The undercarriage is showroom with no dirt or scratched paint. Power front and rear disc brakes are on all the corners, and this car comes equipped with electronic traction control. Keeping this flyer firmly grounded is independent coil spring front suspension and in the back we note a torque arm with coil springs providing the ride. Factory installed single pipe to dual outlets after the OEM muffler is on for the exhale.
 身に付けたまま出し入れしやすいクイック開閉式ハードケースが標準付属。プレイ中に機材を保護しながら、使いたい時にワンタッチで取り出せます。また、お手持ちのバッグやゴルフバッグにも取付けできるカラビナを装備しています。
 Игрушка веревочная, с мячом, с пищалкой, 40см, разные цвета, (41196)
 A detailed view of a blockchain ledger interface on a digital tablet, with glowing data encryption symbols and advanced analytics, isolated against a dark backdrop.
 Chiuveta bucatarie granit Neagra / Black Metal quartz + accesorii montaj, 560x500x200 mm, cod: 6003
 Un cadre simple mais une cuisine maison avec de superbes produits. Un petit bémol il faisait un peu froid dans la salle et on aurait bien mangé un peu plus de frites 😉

━━━━━━━━━━━━━━━━━━━━━━━━━━━━━━

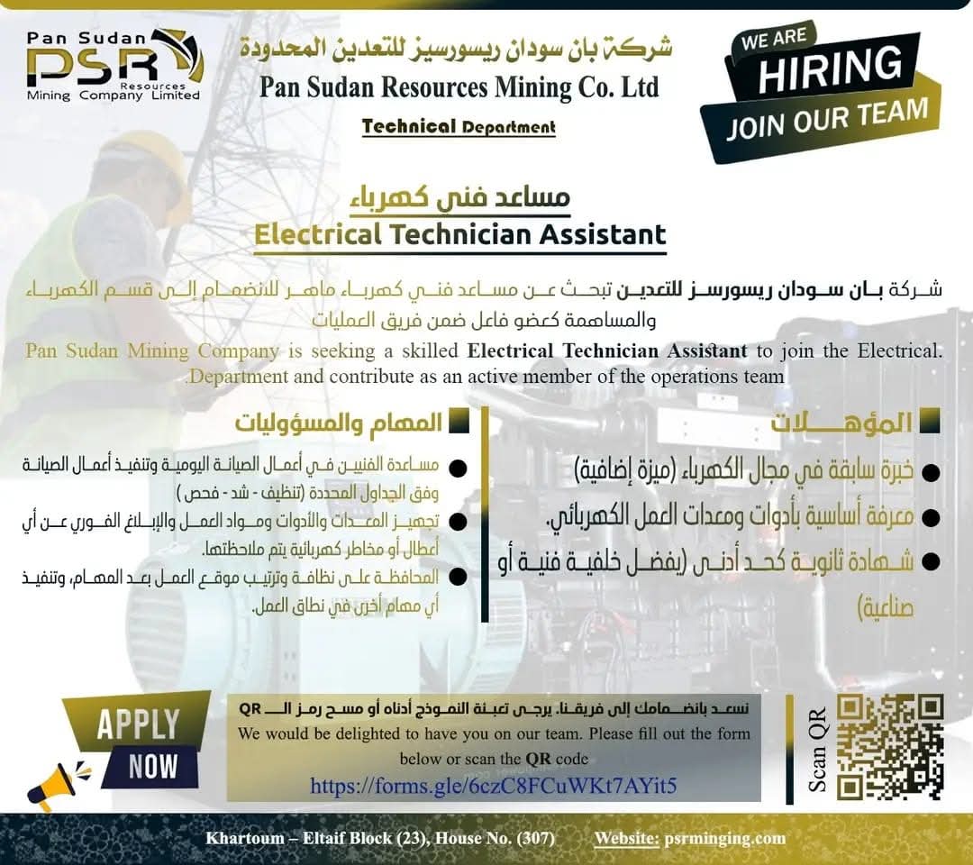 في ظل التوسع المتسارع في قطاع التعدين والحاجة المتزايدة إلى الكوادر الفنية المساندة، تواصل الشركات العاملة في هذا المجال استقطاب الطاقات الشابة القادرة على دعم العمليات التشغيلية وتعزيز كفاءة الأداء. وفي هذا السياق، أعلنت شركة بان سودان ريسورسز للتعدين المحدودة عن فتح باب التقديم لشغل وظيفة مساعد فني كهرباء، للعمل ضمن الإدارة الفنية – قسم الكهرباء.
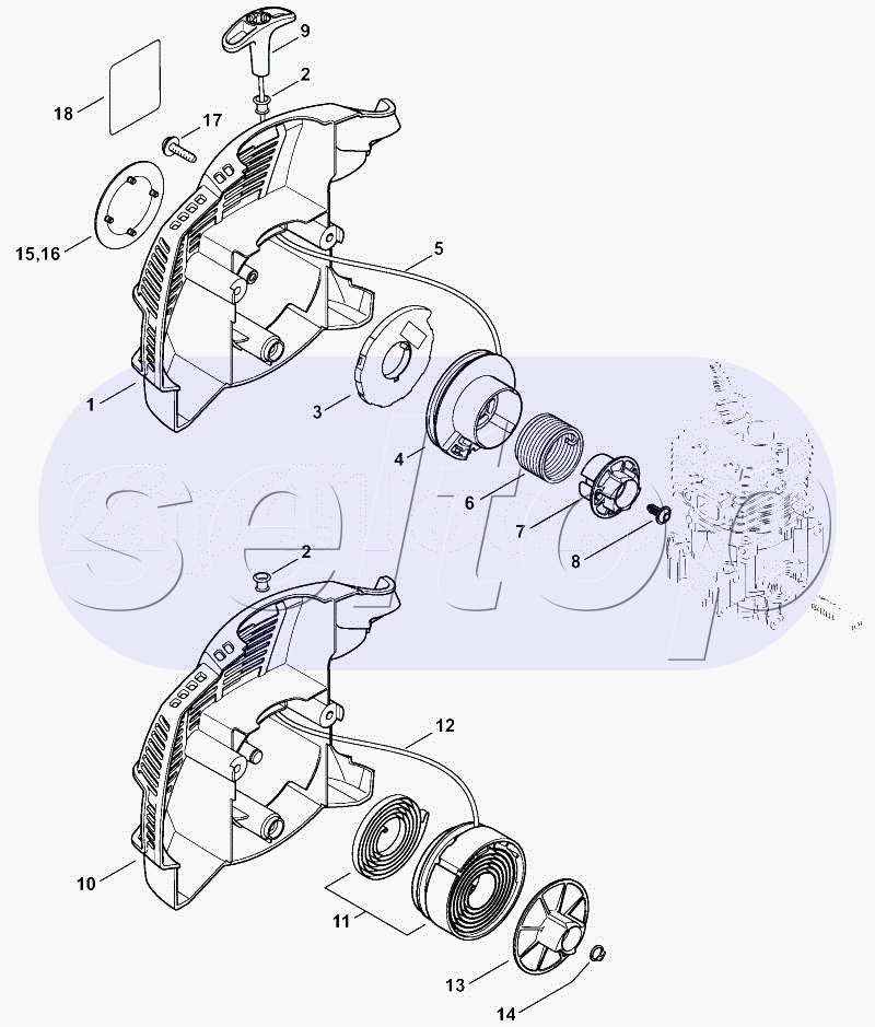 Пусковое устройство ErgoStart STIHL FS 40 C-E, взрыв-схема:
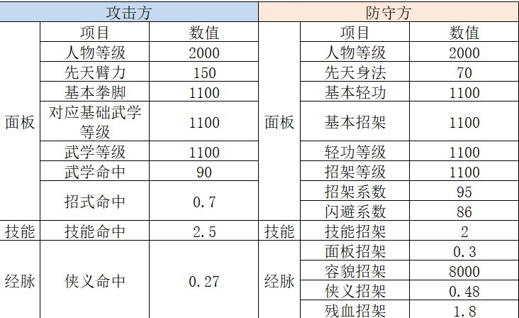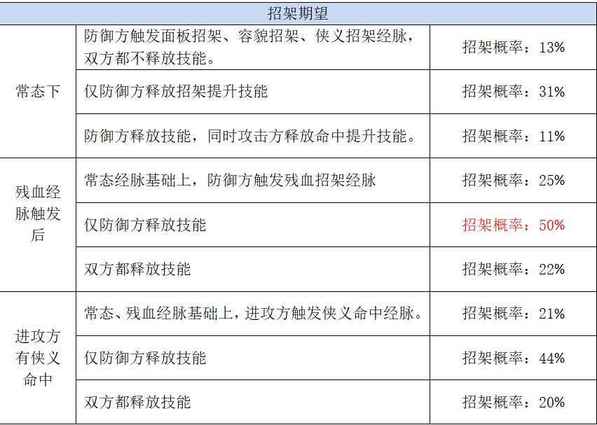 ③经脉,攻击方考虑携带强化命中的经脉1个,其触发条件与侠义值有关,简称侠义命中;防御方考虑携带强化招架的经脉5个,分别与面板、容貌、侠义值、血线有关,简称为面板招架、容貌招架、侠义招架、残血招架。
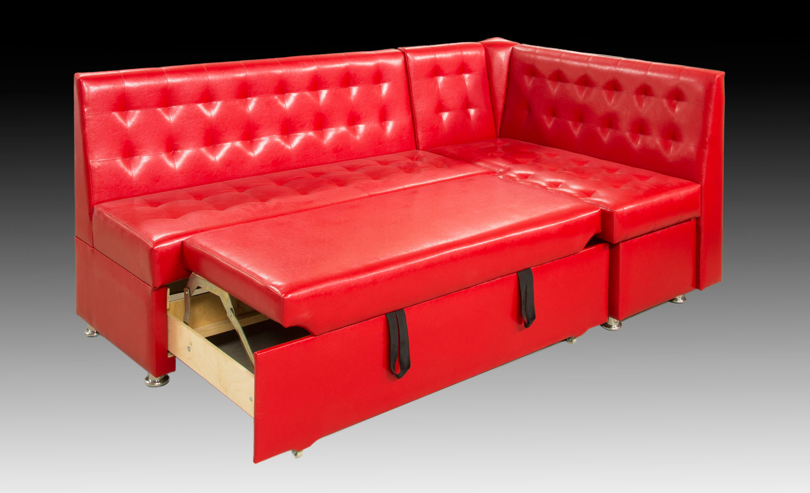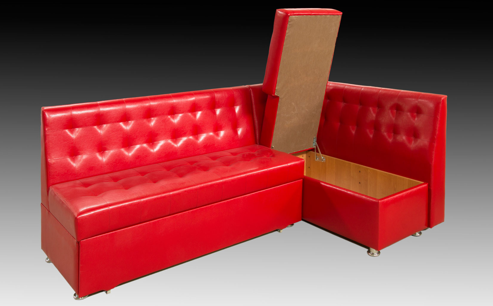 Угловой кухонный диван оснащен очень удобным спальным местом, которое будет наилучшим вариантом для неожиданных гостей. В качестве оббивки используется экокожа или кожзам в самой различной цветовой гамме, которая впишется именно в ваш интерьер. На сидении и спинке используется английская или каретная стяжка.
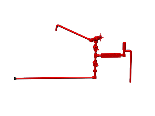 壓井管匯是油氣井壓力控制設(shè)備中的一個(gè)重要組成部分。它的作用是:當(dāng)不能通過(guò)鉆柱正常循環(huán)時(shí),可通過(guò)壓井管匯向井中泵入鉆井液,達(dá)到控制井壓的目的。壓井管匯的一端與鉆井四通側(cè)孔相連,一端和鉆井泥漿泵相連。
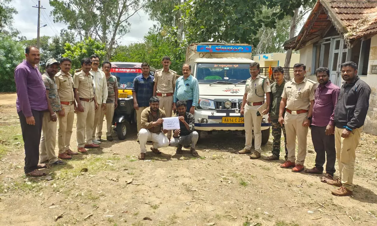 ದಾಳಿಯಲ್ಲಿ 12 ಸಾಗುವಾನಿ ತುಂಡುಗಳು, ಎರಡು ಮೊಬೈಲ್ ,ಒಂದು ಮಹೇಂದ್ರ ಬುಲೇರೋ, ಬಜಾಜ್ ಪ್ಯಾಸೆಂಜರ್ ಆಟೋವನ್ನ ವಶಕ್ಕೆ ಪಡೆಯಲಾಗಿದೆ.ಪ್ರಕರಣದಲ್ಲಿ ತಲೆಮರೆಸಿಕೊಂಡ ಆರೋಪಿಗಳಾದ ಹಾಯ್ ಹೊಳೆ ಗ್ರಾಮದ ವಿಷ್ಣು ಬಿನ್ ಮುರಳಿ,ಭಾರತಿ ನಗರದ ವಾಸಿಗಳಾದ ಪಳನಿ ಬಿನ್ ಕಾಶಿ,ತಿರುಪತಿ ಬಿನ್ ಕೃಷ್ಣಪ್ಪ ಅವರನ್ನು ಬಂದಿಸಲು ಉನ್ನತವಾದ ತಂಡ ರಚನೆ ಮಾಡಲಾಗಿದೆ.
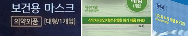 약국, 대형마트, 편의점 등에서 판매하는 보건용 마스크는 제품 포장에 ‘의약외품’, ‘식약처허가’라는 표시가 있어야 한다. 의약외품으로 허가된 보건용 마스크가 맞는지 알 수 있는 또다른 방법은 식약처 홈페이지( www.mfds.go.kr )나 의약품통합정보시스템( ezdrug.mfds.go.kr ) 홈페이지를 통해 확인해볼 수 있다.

━━━━━━━━━━━━━━━━━━━━━━━━━━━━━━

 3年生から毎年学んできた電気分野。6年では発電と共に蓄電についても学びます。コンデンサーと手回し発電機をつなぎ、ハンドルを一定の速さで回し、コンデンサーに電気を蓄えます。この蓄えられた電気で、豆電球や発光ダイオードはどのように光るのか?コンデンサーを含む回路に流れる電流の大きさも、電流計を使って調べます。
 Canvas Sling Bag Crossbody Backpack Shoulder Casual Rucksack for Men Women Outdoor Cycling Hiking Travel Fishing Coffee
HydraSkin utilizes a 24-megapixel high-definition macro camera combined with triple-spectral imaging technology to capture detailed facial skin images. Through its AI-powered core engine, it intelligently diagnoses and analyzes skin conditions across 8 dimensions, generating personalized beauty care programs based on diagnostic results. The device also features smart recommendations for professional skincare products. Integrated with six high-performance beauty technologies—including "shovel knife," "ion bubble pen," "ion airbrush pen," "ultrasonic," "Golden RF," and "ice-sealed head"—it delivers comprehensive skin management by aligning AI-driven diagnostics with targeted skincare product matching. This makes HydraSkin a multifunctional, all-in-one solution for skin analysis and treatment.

━━━━━━━━━━━━━━━━━━━━━━━━━━━━━━

Requirement:
Copy the entries above exactly, but only the stretch from the line containing "③经脉,攻击方考虑携带强化命" through the line containing "약국, 대형마트, 편의점". Keep both end lines; drop the pictures.

Answer section:
 ③经脉,攻击方考虑携带强化命中的经脉1个,其触发条件与侠义值有关,简称侠义命中;防御方考虑携带强化招架的经脉5个,分别与面板、容貌、侠义值、血线有关,简称为面板招架、容貌招架、侠义招架、残血招架。
 Угловой кухонный диван оснащен очень удобным спальным местом, которое будет наилучшим вариантом для неожиданных гостей. В качестве оббивки используется экокожа или кожзам в самой различной цветовой гамме, которая впишется именно в ваш интерьер. На сидении и спинке используется английская или каретная стяжка.
 壓井管匯是油氣井壓力控制設(shè)備中的一個(gè)重要組成部分。它的作用是:當(dāng)不能通過(guò)鉆柱正常循環(huán)時(shí),可通過(guò)壓井管匯向井中泵入鉆井液,達(dá)到控制井壓的目的。壓井管匯的一端與鉆井四通側(cè)孔相連,一端和鉆井泥漿泵相連。
 ದಾಳಿಯಲ್ಲಿ 12 ಸಾಗುವಾನಿ ತುಂಡುಗಳು, ಎರಡು ಮೊಬೈಲ್ ,ಒಂದು ಮಹೇಂದ್ರ ಬುಲೇರೋ, ಬಜಾಜ್ ಪ್ಯಾಸೆಂಜರ್ ಆಟೋವನ್ನ ವಶಕ್ಕೆ ಪಡೆಯಲಾಗಿದೆ.ಪ್ರಕರಣದಲ್ಲಿ ತಲೆಮರೆಸಿಕೊಂಡ ಆರೋಪಿಗಳಾದ ಹಾಯ್ ಹೊಳೆ ಗ್ರಾಮದ ವಿಷ್ಣು ಬಿನ್ ಮುರಳಿ,ಭಾರತಿ ನಗರದ ವಾಸಿಗಳಾದ ಪಳನಿ ಬಿನ್ ಕಾಶಿ,ತಿರುಪತಿ ಬಿನ್ ಕೃಷ್ಣಪ್ಪ ಅವರನ್ನು ಬಂದಿಸಲು ಉನ್ನತವಾದ ತಂಡ ರಚನೆ ಮಾಡಲಾಗಿದೆ.
 약국, 대형마트, 편의점 등에서 판매하는 보건용 마스크는 제품 포장에 ‘의약외품’, ‘식약처허가’라는 표시가 있어야 한다. 의약외품으로 허가된 보건용 마스크가 맞는지 알 수 있는 또다른 방법은 식약처 홈페이지( www.mfds.go.kr )나 의약품통합정보시스템( ezdrug.mfds.go.kr ) 홈페이지를 통해 확인해볼 수 있다.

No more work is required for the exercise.